The coin's image is wrong as the temple tax would never accept Roman coins.

The coin’s image is wrong as the temple tax would never accept Roman coins.

Prelude. This post is long, but touches on principles of interpretation which are applicable elsewhere. Although I have a different view on some of the interpretations, I wish all my members would spend as much effort studying and thinking through their Bible as this enquirer.

Q. This short story in only recorded in Matthew 17:24-27, probably because Matthew himself was a tax collector. However, some problems arise out of this story, which different commentators have given different answers:

(1) Why did the tax collectors asked Peter instead of asking Jesus directly? Was Jesus that difficult to find? How can they expect Peter to answer a question carrying legal responsibility on behalf of his master? I think there is not enough information for an answer, but some commentator said the tax collectors were afraid of facing Jesus, so when they saw Peter, they just asked him. Would this view already construe eisegesis?

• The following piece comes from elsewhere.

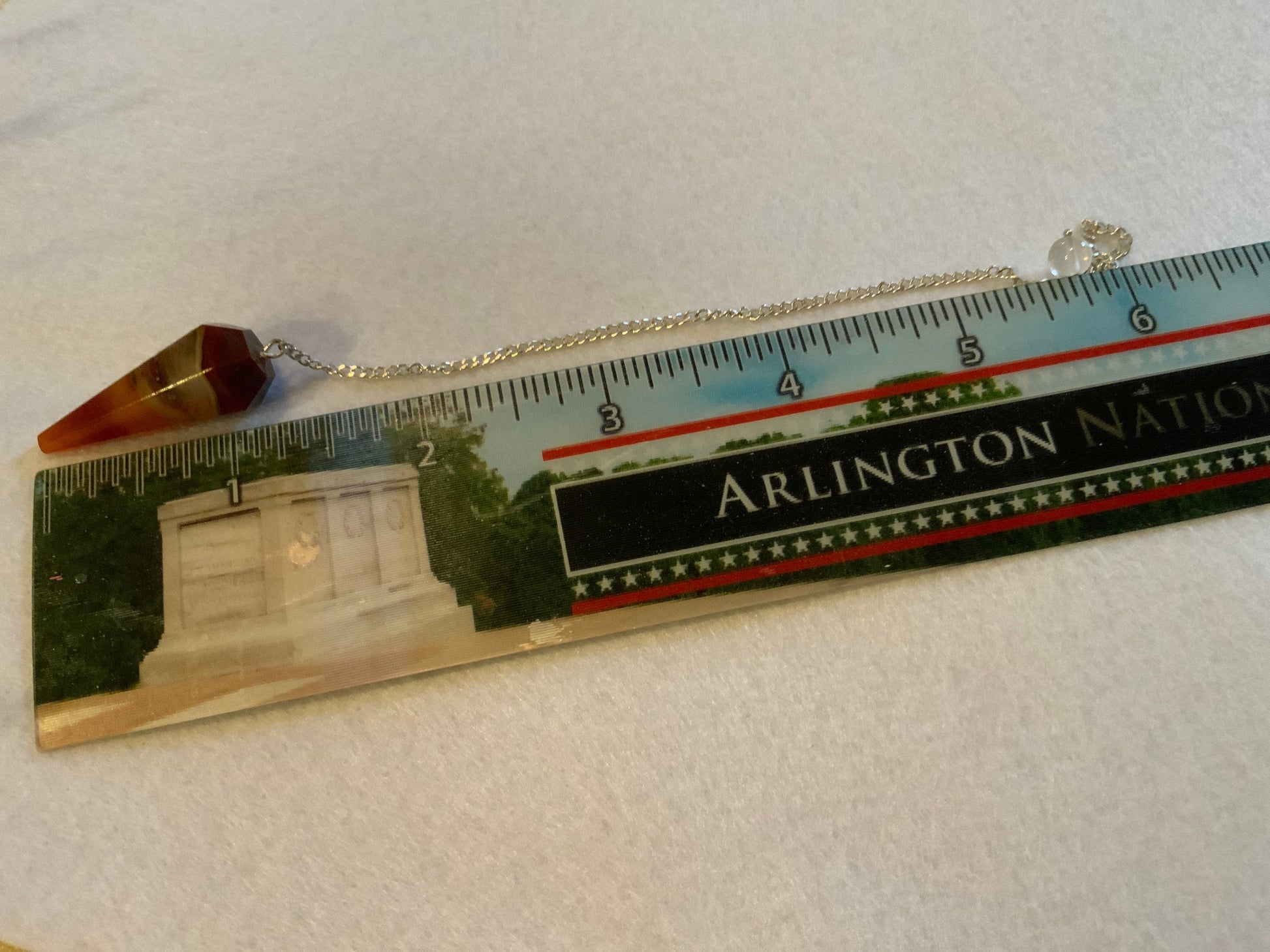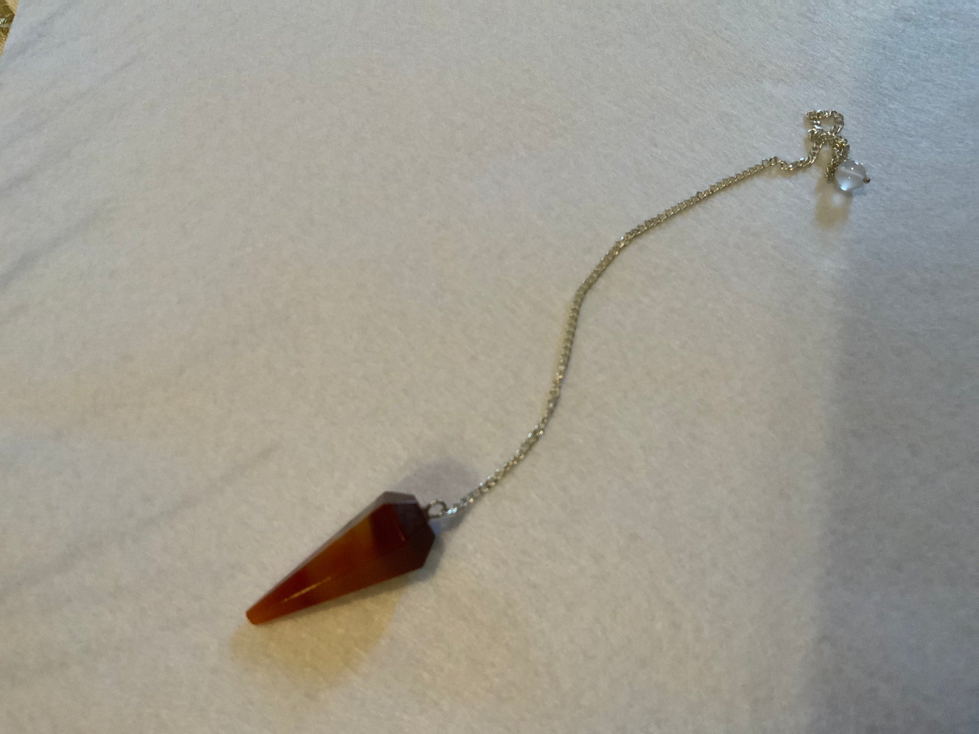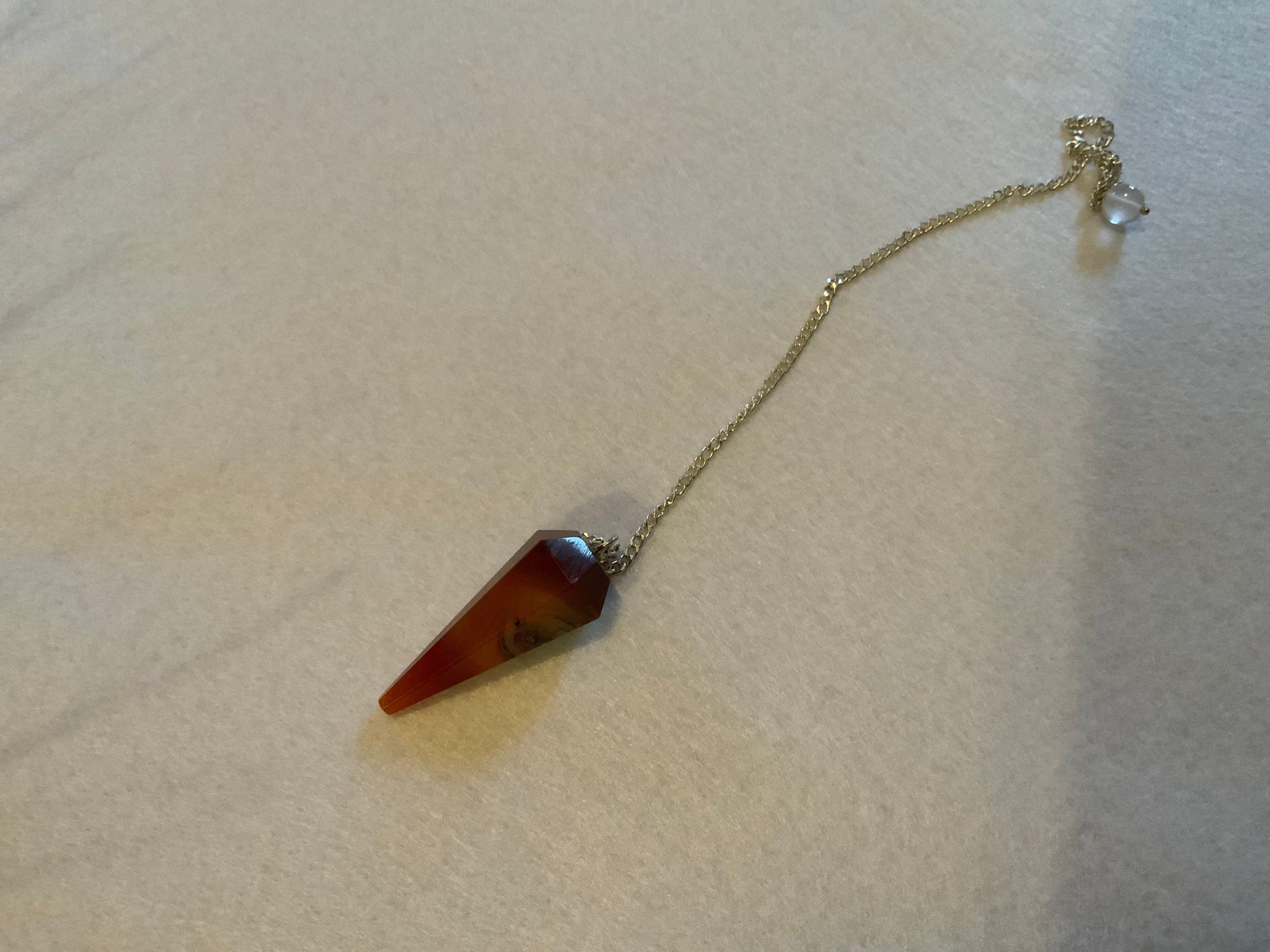 This beautiful Carnelian Pendulum is 1.25” and with the chain it is 9” Please look at all pictures to see all sides of this pendulum.

As you yourself pointed out, there is not enough information in the passage to tell us why the tax collectors asked Peter and not Jesus directly. But that’s not the point of the incident. Jesus was easy to find. Everywhere He went, crowds gathered around Him e.g. Mt 13:2, Mk 10:1. When they arrested Him in the Garden of Gethsemane, He said:
Mt 26:55 Every day I used to sit in the temple teaching and you did not seize Me.

Some feel the tax collectors may not be after the fact whether Jesus actually paid the temple tax; they just want an excuse to trap Him. Knowing that Peter usually speaks before he thinks, they just asked him as an easy prey. I believe this is unlikely. Analyzing a passage is like a detective investigation – you have to examine all the evidence. If you check all references to tax collectors in the NT, although they were looked down upon by the Jews, they were always presented positively in the gospels e.g.
• loving those who love them (Mt 5:46);
• dining with Jesus (Mt 9:10-11; Mk 2:15-16; Lk 5:29-30);
• Jesus’ friends (Mt 11:19; Lk 7:34);
• getting into the kingdom of God by believing John’s message (Mt 21:31-32);
• came to be baptized (Lk 3:12; 7:29); and
• listening to Jesus (Lk 15:1).
Therefore I don’t think they were out to get Jesus. There is no motive.

Based on the gospel evidence, I disagree with the commentator’s view that the tax collectors were afraid of Jesus; I think they actually liked Him. However, I don’t consider the comment to be eisegesis. Eisegesis is interpreting a text by subjectively reading into it one’s own presuppositions, instead of drawing out its meaning through an objective analysis. Here I do not see any agenda from the commentator, only an incidental opinion without careful consideration of the broader background, of why they might ask Peter instead of Jesus. He was not pushing his preconceived notion and forcing the text to fit his mold.